Air force pilots took to drinking the exceptionally pure alcohol 
used as a de-icer in MIG-25 jets, Mr. White noted, a practice so 
popular that the MIG-25 acquired the nickname "the flying restaurant." 

Some covered up their tippling by replacing the de-icer alcohol 
with water.  This worked until their jets iced up in flight. 

Samogon, however, became the overwhelming choice of drink. Soviet 
militia made great shows of wrecking stills and hauling away boot-
leggers.

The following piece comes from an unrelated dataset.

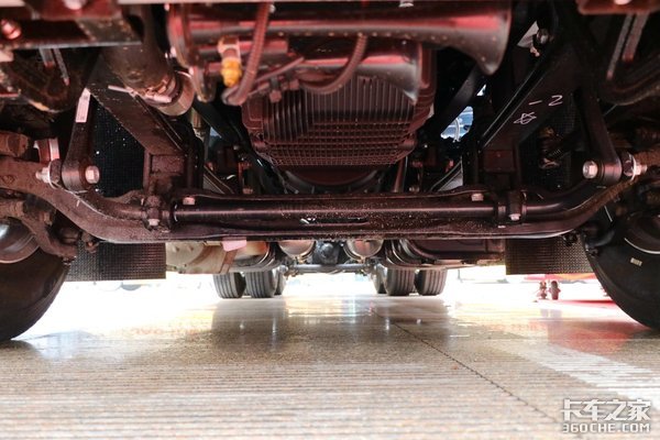 底盘方面,该车采用了国内知名品牌小速比中后桥,速比有2.85、2.64两种可选。车架是采用和跨越K7同平台的280mm截面高强钢结构,悬架形式为前悬架2片簧,后悬架8气囊设计。

But it eventually became clear that wiping out samogon 
would mean locking up much of the nation, including party officials 
and members of the All-Union Voluntary Society for the Struggle for 
Sobriety, the government's anti-booze organ. 

Indeed, the industrial-size packages of yeast Lena regularly buys 
contain instructions for making samogon, under the discreet heading 
"A recipe for Russia's traditional national beverage." 


Lena's inspiration was across the courtyard, where bootleggers were 
buying pure alcohol, diluting it with water and selling it as vodka 
for 80 cents a bottle. "But it was weak stuff, only 30 proof, and the 
quality was bad," she said. "Sometimes they'd add sleeping pills, so 
it would knock you out quicker." 

She figured she could do better. So she bought a small still -- a pot, 
roughly wastebasket-sized, with a curlicued pipe sprouting from the 
top -- and began making real samogon. Today an ordinary bottle sells 
for 80 cents, a bottle spiced up with a skin-peeling combination of 
herbs and orange peel, among other things, costs 90 cents.